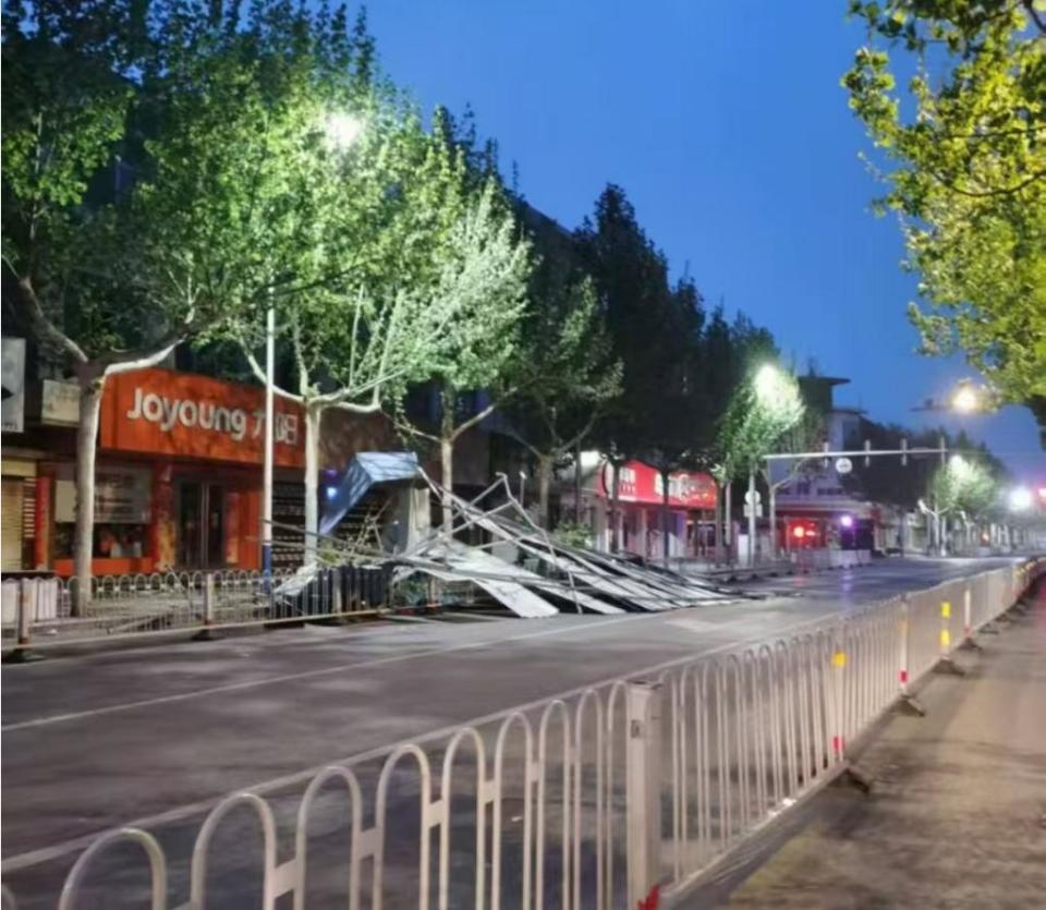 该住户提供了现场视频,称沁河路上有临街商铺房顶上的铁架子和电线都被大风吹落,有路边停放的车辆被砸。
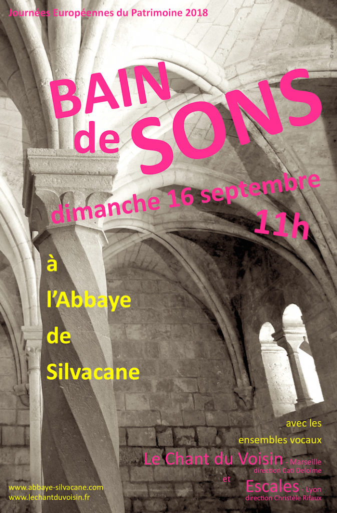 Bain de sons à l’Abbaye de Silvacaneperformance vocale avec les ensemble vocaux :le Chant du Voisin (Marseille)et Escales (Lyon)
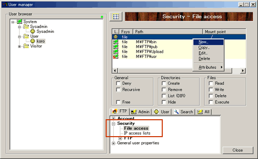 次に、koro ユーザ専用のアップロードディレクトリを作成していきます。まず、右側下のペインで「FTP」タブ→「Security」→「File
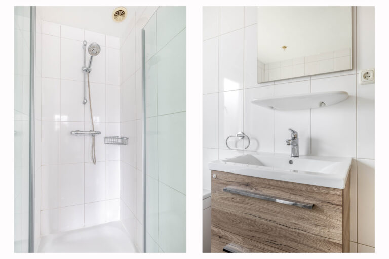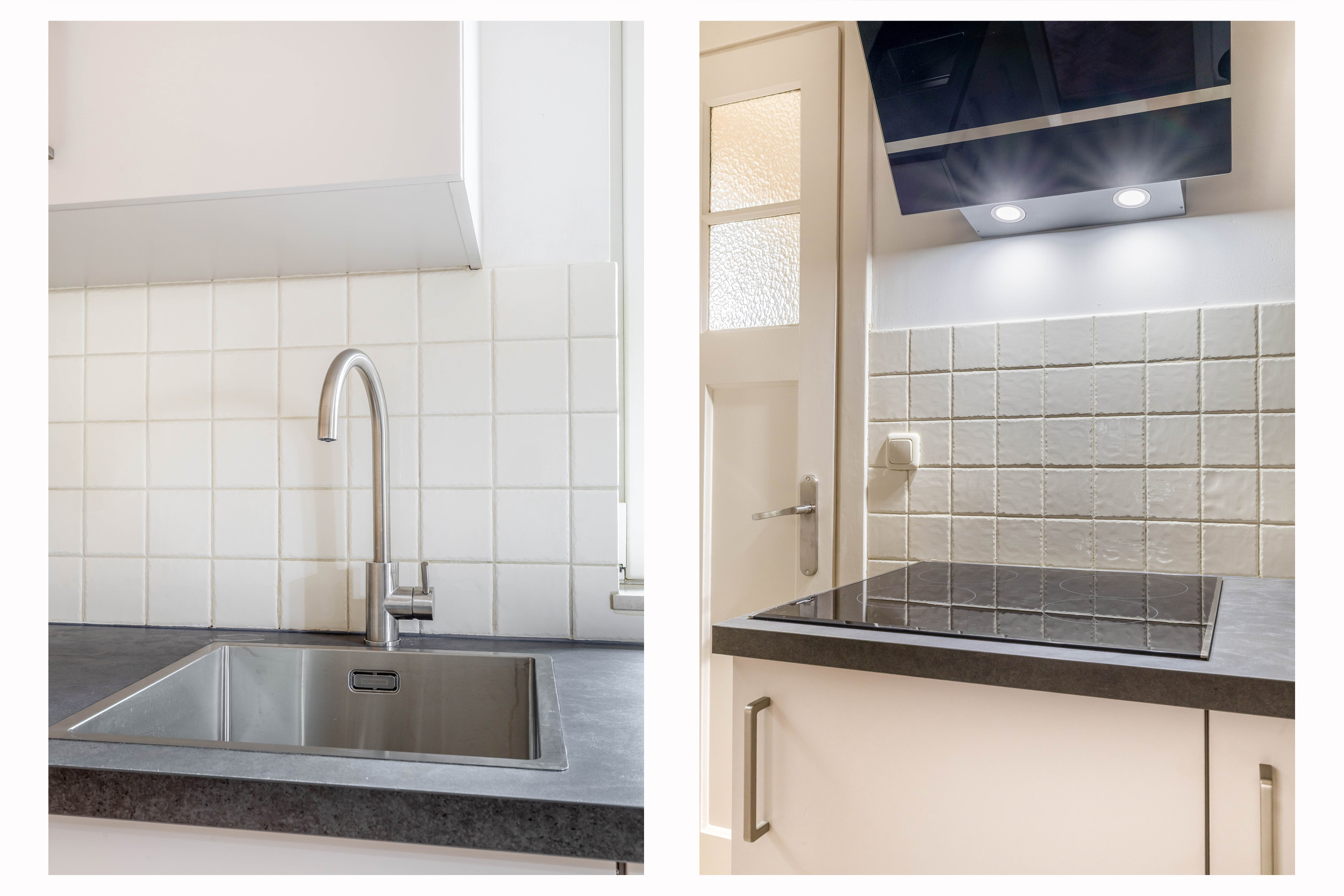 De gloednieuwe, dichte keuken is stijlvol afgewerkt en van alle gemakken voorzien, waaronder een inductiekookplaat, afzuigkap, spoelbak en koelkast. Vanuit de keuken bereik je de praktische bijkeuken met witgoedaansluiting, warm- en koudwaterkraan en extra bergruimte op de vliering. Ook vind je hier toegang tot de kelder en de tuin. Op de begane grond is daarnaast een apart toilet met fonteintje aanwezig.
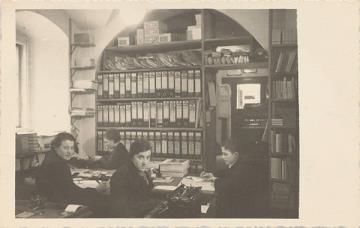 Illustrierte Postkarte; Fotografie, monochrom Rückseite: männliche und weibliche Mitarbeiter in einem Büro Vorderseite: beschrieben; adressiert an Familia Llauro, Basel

──────────────────────────────

→ **Work item**
Take each line from the records and copy it unchanged, leaving images out.

→ **Expected answer**
 该住户提供了现场视频,称沁河路上有临街商铺房顶上的铁架子和电线都被大风吹落,有路边停放的车辆被砸。
 Bain de sons à l’Abbaye de Silvacaneperformance vocale avec les ensemble vocaux :le Chant du Voisin (Marseille)et Escales (Lyon)
 次に、koro ユーザ専用のアップロードディレクトリを作成していきます。まず、右側下のペインで「FTP」タブ→「Security」→「File
 De gloednieuwe, dichte keuken is stijlvol afgewerkt en van alle gemakken voorzien, waaronder een inductiekookplaat, afzuigkap, spoelbak en koelkast. Vanuit de keuken bereik je de praktische bijkeuken met witgoedaansluiting, warm- en koudwaterkraan en extra bergruimte op de vliering. Ook vind je hier toegang tot de kelder en de tuin. Op de begane grond is daarnaast een apart toilet met fonteintje aanwezig.
 Illustrierte Postkarte; Fotografie, monochrom Rückseite: männliche und weibliche Mitarbeiter in einem Büro Vorderseite: beschrieben; adressiert an Familia Llauro, Basel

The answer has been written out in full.